Assignment:
Set down each line of the data exactly, but not the pictures.

Collected data:

····················

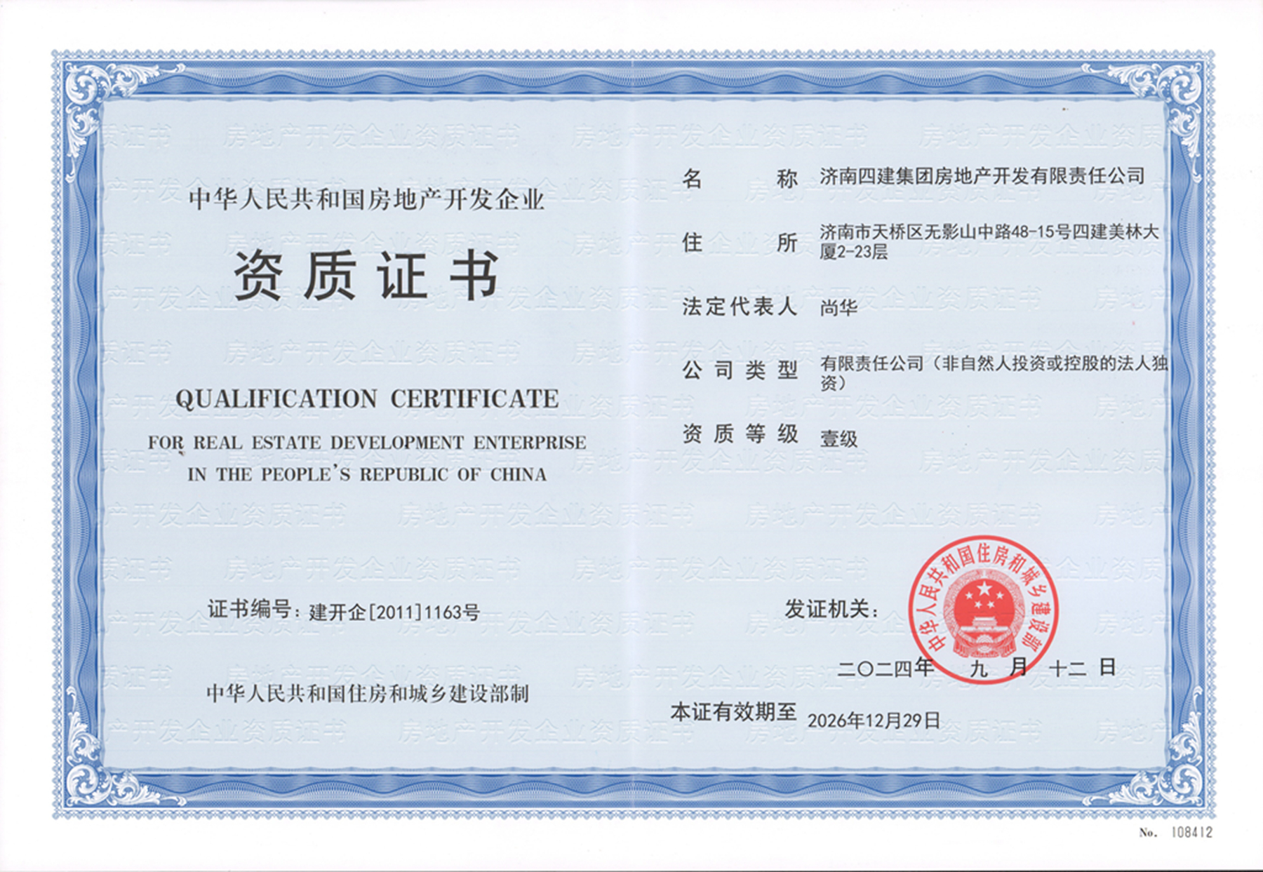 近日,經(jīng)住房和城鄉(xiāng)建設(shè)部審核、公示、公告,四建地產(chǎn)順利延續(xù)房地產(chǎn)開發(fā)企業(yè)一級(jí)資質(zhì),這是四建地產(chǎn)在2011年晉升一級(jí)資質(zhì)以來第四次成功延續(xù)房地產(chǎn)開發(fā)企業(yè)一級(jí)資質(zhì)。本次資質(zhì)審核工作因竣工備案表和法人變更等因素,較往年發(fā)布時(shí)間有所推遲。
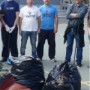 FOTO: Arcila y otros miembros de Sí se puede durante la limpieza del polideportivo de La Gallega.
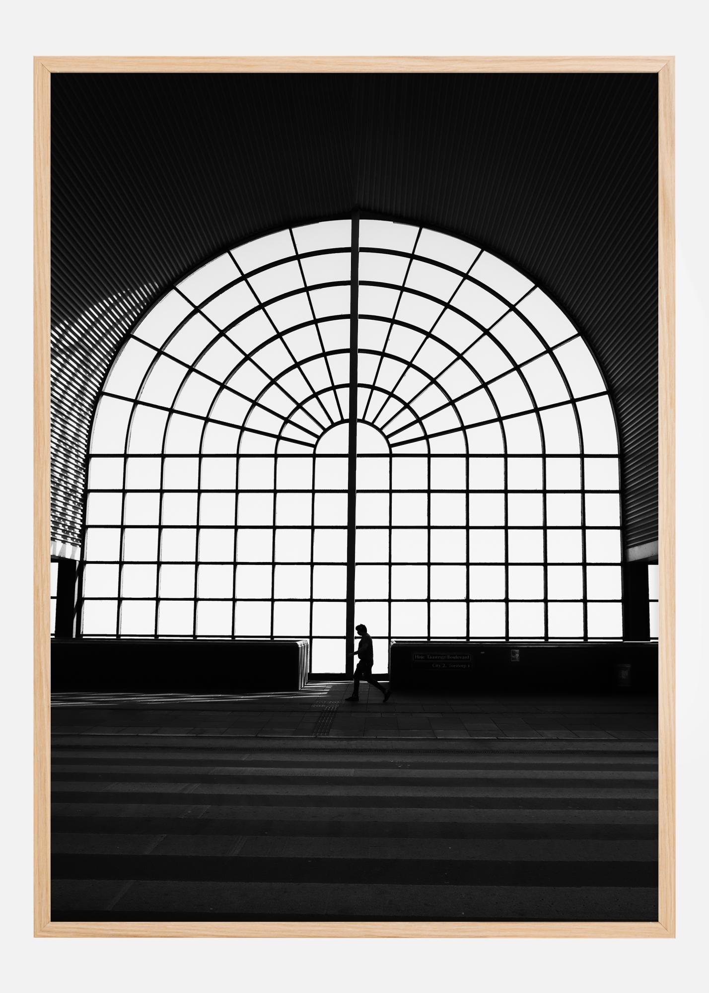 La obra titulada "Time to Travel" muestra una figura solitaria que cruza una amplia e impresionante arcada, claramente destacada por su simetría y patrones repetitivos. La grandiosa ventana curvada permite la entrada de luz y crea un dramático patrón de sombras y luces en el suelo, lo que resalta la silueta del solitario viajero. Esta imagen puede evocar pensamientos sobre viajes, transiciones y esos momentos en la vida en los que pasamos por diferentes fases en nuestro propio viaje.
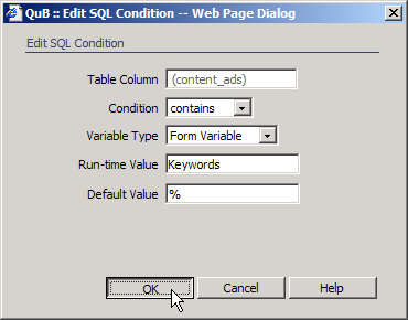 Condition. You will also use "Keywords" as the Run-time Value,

····················

The answer:
 近日,經(jīng)住房和城鄉(xiāng)建設(shè)部審核、公示、公告,四建地產(chǎn)順利延續(xù)房地產(chǎn)開發(fā)企業(yè)一級(jí)資質(zhì),這是四建地產(chǎn)在2011年晉升一級(jí)資質(zhì)以來第四次成功延續(xù)房地產(chǎn)開發(fā)企業(yè)一級(jí)資質(zhì)。本次資質(zhì)審核工作因竣工備案表和法人變更等因素,較往年發(fā)布時(shí)間有所推遲。
 FOTO: Arcila y otros miembros de Sí se puede durante la limpieza del polideportivo de La Gallega.
 La obra titulada "Time to Travel" muestra una figura solitaria que cruza una amplia e impresionante arcada, claramente destacada por su simetría y patrones repetitivos. La grandiosa ventana curvada permite la entrada de luz y crea un dramático patrón de sombras y luces en el suelo, lo que resalta la silueta del solitario viajero. Esta imagen puede evocar pensamientos sobre viajes, transiciones y esos momentos en la vida en los que pasamos por diferentes fases en nuestro propio viaje.
 Condition. You will also use "Keywords" as the Run-time Value,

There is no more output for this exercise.